A nova análise, baseada em observações de rádiotelescópios do Atacama Large Millimeter/submillimeter Array (ALMA) no Chile, conclui que os níveis médios de fosfina em Vênus correspondem a cerca de uma parte por bilhão, o que é aproximadamente um sétimo da primeira estimativa. Os cientistas adotaram um tom diferente daquele adotado em seu relato original, e descrevem agora a descoberta de fosfina em Vênus como uma possibilidade.

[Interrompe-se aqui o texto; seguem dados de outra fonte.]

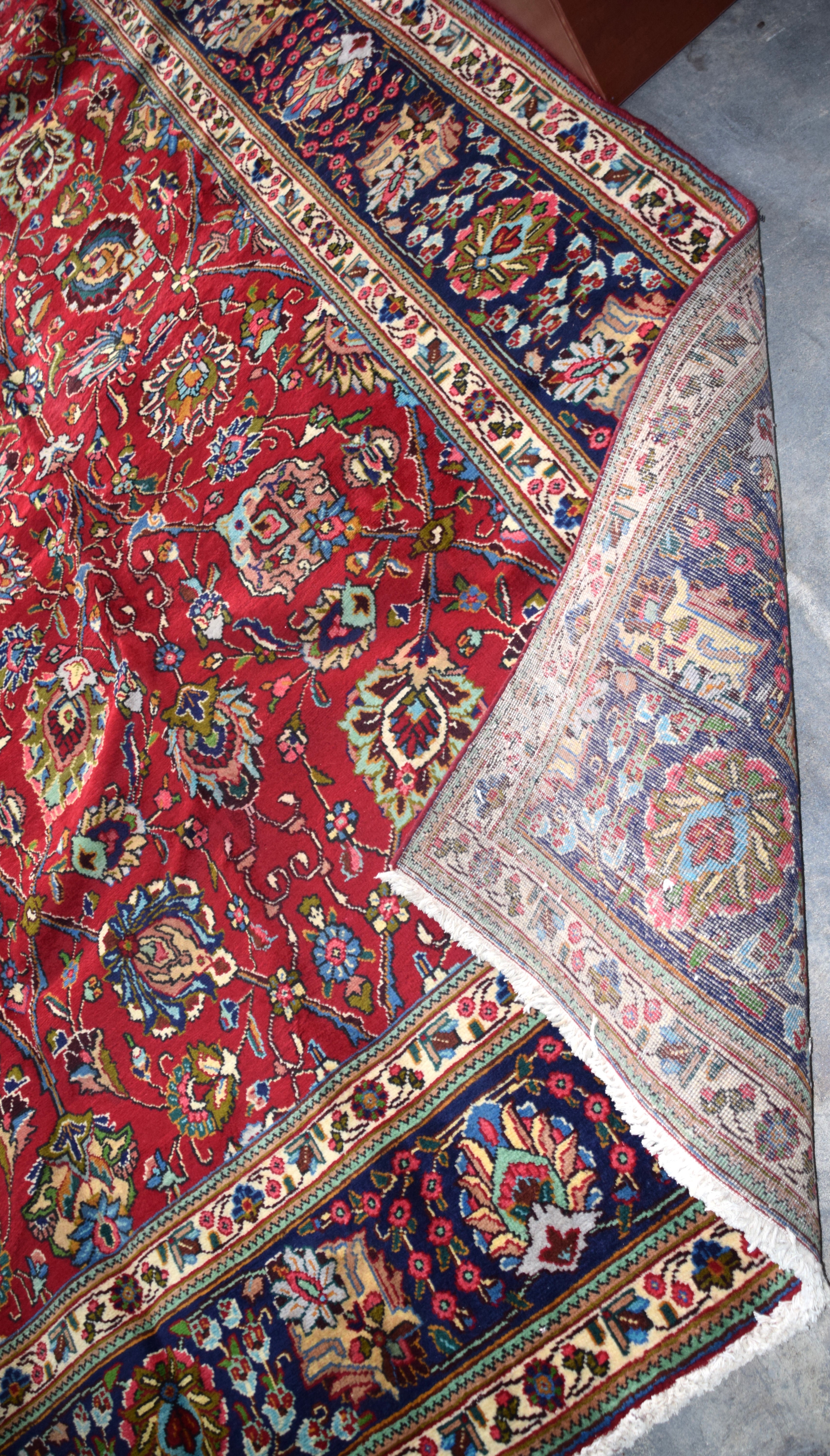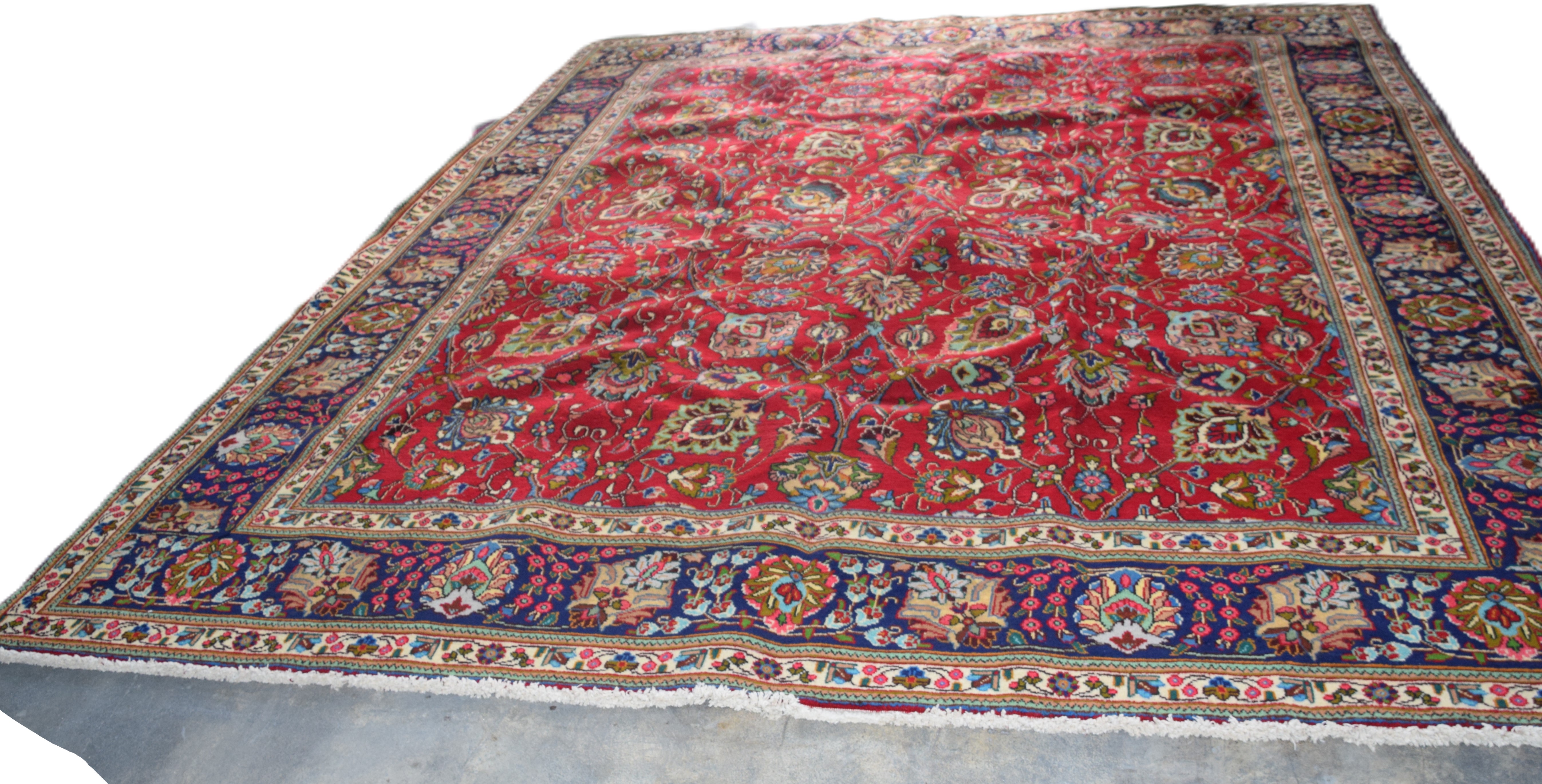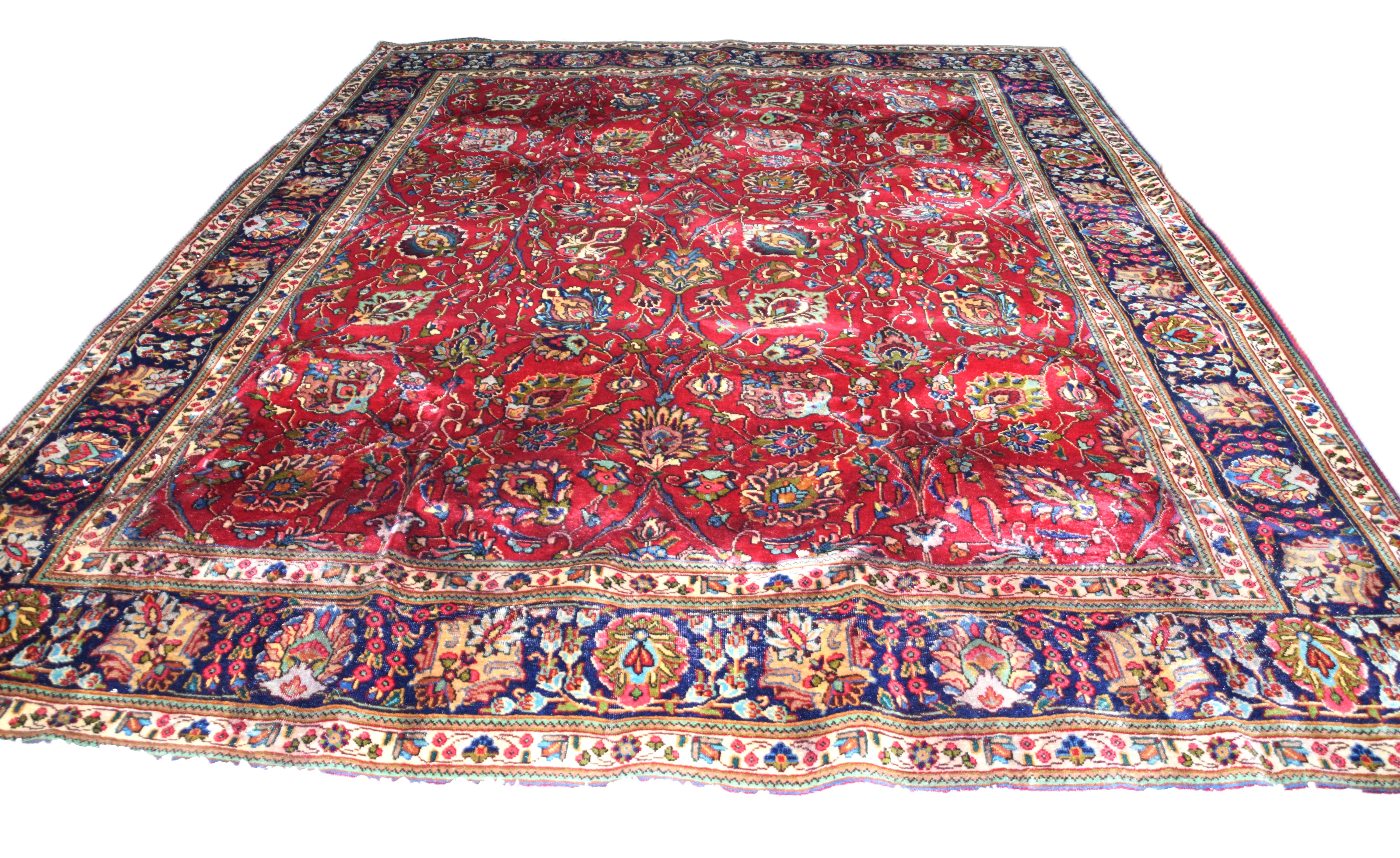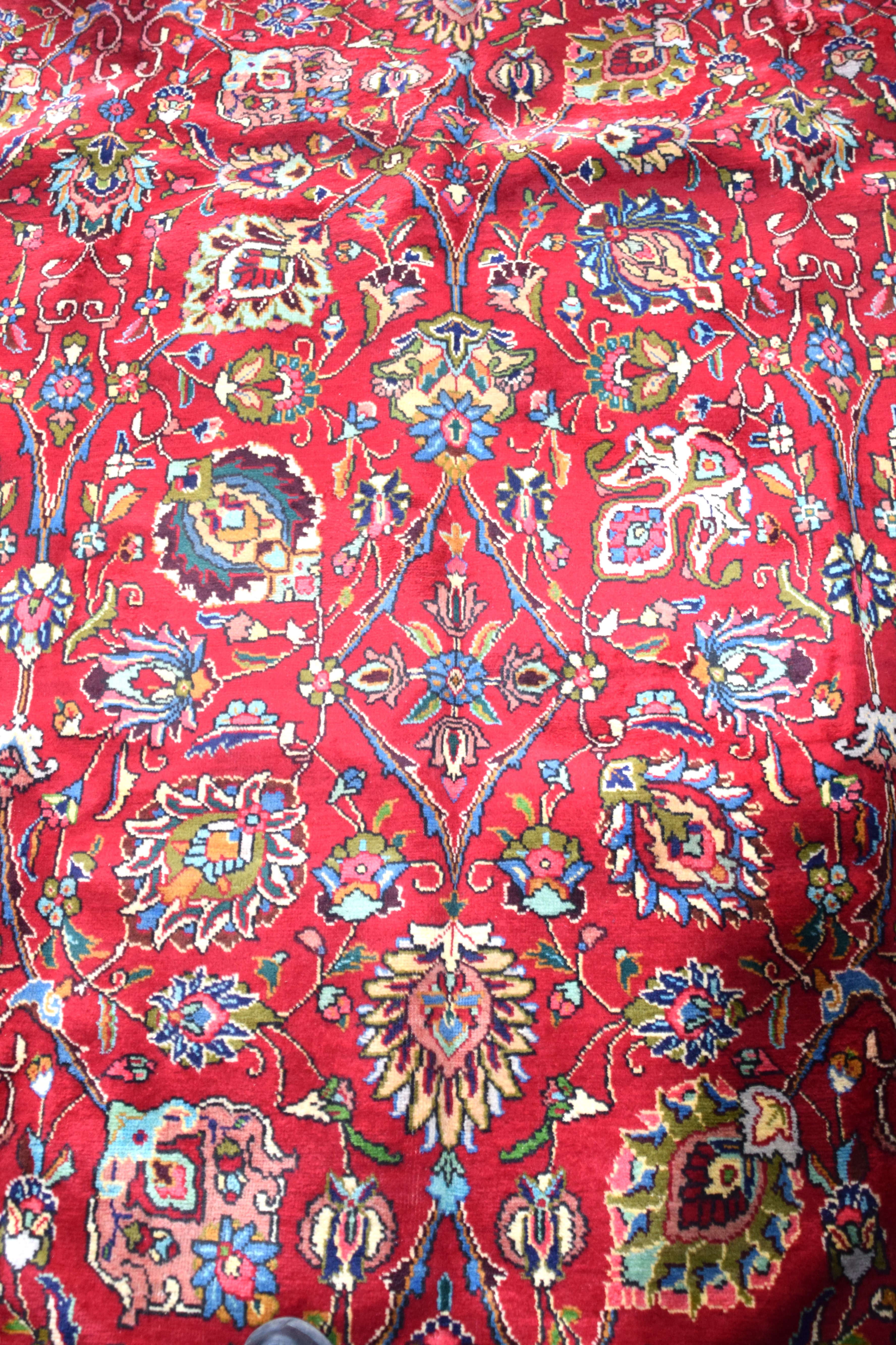 Room size oriental rug with multi-color designs with a predominate red field with all over designs. From a Bedford NH estate. Dimensions: 10′ 1″ x 12’8″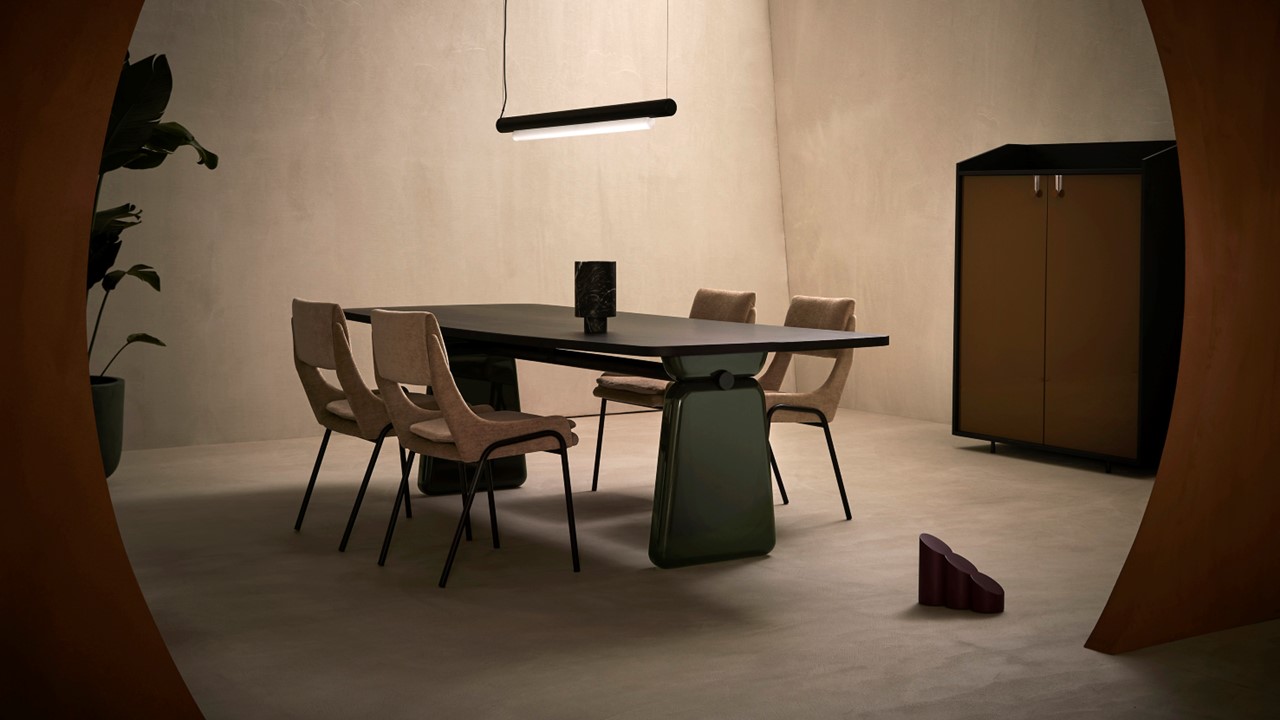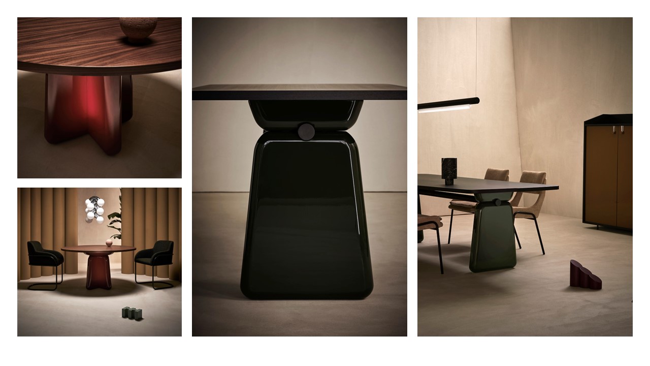 Monumental yet refined, the Litho Dining Table commands attention through its sculptural base—a composition of geometric forms with an almost archaic, architectural presence. Its bold silhouette exudes quiet strength and timeless poise, grounding the space with a sense of permanence and artful balance. A cylindrical crossbar beneath the top introduces a dynamic visual rhythm—an understated gesture that’s “just a detail, yet much more than a detail.” With a range of customizable finishes for both the rectangular top and base, Litho celebrates individual expression, harmonizing natural materials and modern design sensibility. Ideal for dining, conference, or gallery-style settings, it stands as both furniture and sculpture—a true statement of enduring craftsmanship.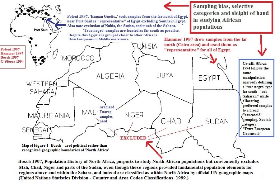 of Egyptians and sub-Saharan Africans detailed in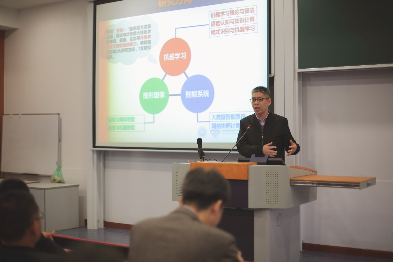 随后,公司主持工作副经理周爱民梳理了计算机学科42年来的发展脉络,介绍了公司3大研究方向,7支研究团队情况,同时,还例举了目前公司各科研团队在AI+教育、AI+健康、智慧政务、金融科技、智能系统等领域的项目成果。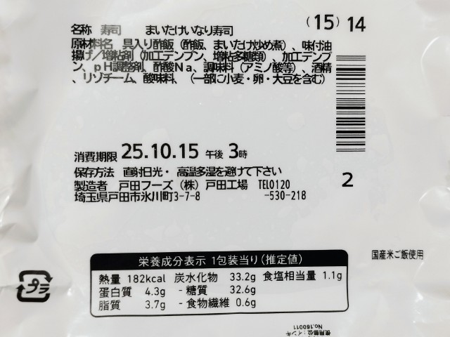 ファミリーマートの商品「まいたけいなり寿司」を食べてみました。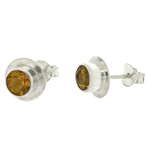 Round Double Set stud earrings, set with Citrine faceted. Complete with a post and butterfly back.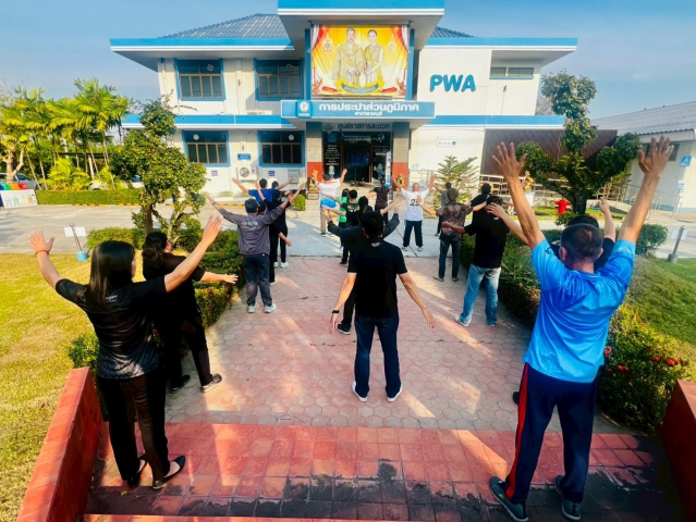 วันพุธที่ 28 มกราคม 2569 เวลา16.30 น. นายสุรวุฒิ ชอบอิสระ ผจก.กปภ.สาขาราชบุรี พร้อมด้วยนางสาวอุบลวรรณา เนียมจันทร์ ผช.ผจก. ,หัวหน้างาน ,พนักงานและลูกจ้างในสังกัด ขานรับนโยบาย กปภ. สถานประกอบการ ปลอดโรค ปลอดภัย กายใจเป็นสุข "การออกกำลังกาย ทุกวันพุธ" (Sports Day) เพื่อส่งเสริมให้พนักงานมีสุขภาพกายสุขภาพจิตที่สมบูรณ์แข็งแรง ป้องกันโรคไม่ติดต่อเรื้อรัง (NCDs) และช่วยเพิ่มประสิทธิภาพในการทำงานให้ดียิ่งขึ้น รวมถึงเป็นการสร้างความสัมพันธ์อันดีระหว่างผู้บริหารและพนักงานในสังกัด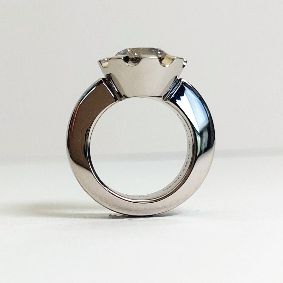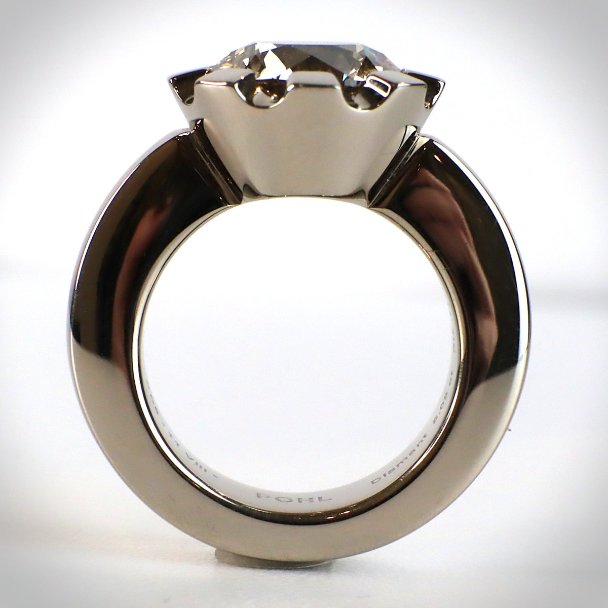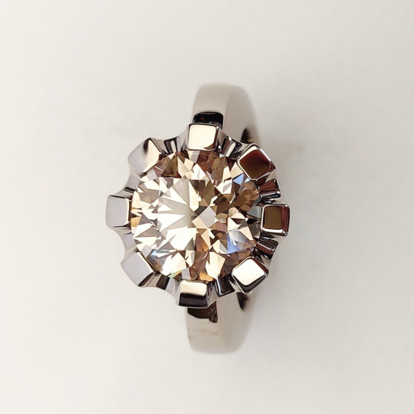 Das kühle, klare Weißgold bildet einen spannungsvollen Kontrast zu den warmen, rauchigen Farbtönen des Diamanten und verstärkt seine besondere Wirkung. Die Gestaltung der Ringschiene ist geradlinig gehalten, um die außergewöhnliche Präsenz des Steins uneingeschränkt in den Mittelpunkt zu stellen.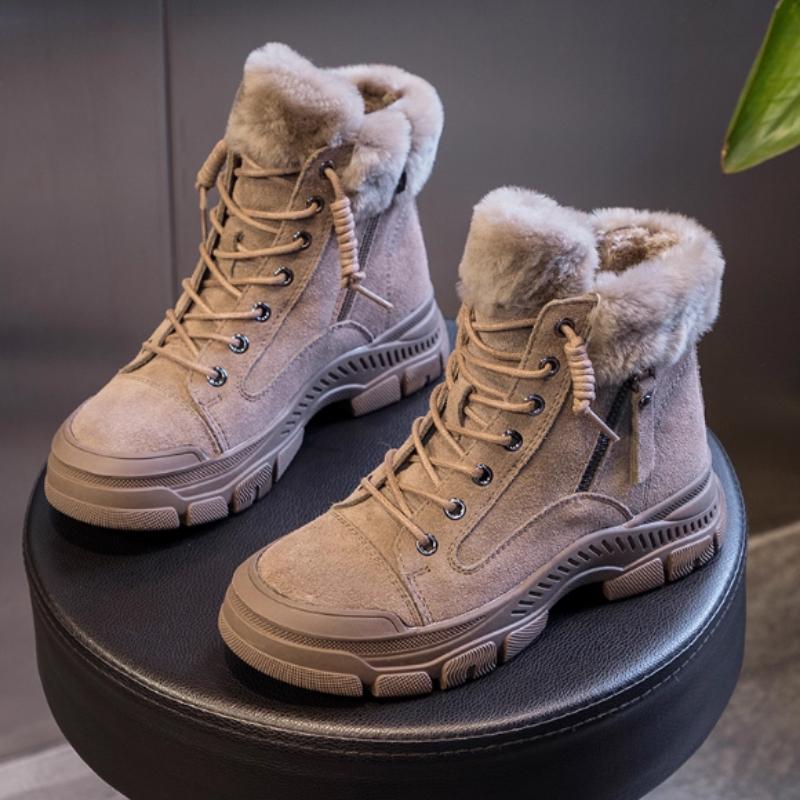 Fashion Cozy Warm Plush Ankle Boots Women Fashion Lace-up Side Zip Designer Boots Winter Casual Thick-soled Snow Boots Zapatos De Mujer

Essa é a primeira resposta pública dada pelos pesquisadores às críticas que foram levantadas contra eles nos últimos dois meses. “O processo científico está funcionando”, diz Bob Grimm, cientista planetário no Instituto de PEsquisa Southwest em Boulder, Colorado, que não estava envolvido em nenhum dos estudos. Os pesquisadores tendem a respondem a grandes alegações empreendendo grandes esforços para reunir evidências no sentido de prová-las ou desmenti-las.
Olhando novamente
Em seu artigo publicado em setembro, a equipe utilizou dados do ALMA e do Telescópio James Clerk Maxwell (JCMT) no Havaí para realizar sua descoberta, A líder da equipe Jane Greaves, astrônoma na Universidade Cardiff, Reino Unido, diz que ela e seus colegas refizeram o trabalho porque aprenderam que os dados originais da ALMA continham um sinal ilegítimo que poderia ter afetado os resultados. O ALMA postou os dados corrigidos no dia 16 de novembro, e Greaves e sua equipe realizaram uma análise nova naquela noite, que foi postada no servidor de pré-publicações arxiv.org. “Nós trabalhamos muito”, ela disse em uma reunião do Grupo de Análise de Exploração de Vênus, um fórum da comunidade de Nasa, no dia 17 de novembro.
De acordo com Greaves e seus colegas, os dados da ALMA mostraram a assinatura espectral da fosfina, uma molécula feita de um átomo de fósforo e três de hidrogênio. Eles dizem que nenhum outro composto pode explicar os dados. Encontrar fosfina em Vênus seria animador, porque na Terra esse gás é produzido por microorganismos. Caso o sinal seja real, e de fato devido à fosfina, é possível que ele seja produzido por microrganismos que vivem e estão à deriva nas nuvens do planeta, mas também é possível que ele seja o produto de uma fonte não biológica ainda a ser identificada. Antes de conseguirem determinar se esses cenários são verdadeiros, os pesquisadores precisam primeiramente confirmar a presença da fosfina.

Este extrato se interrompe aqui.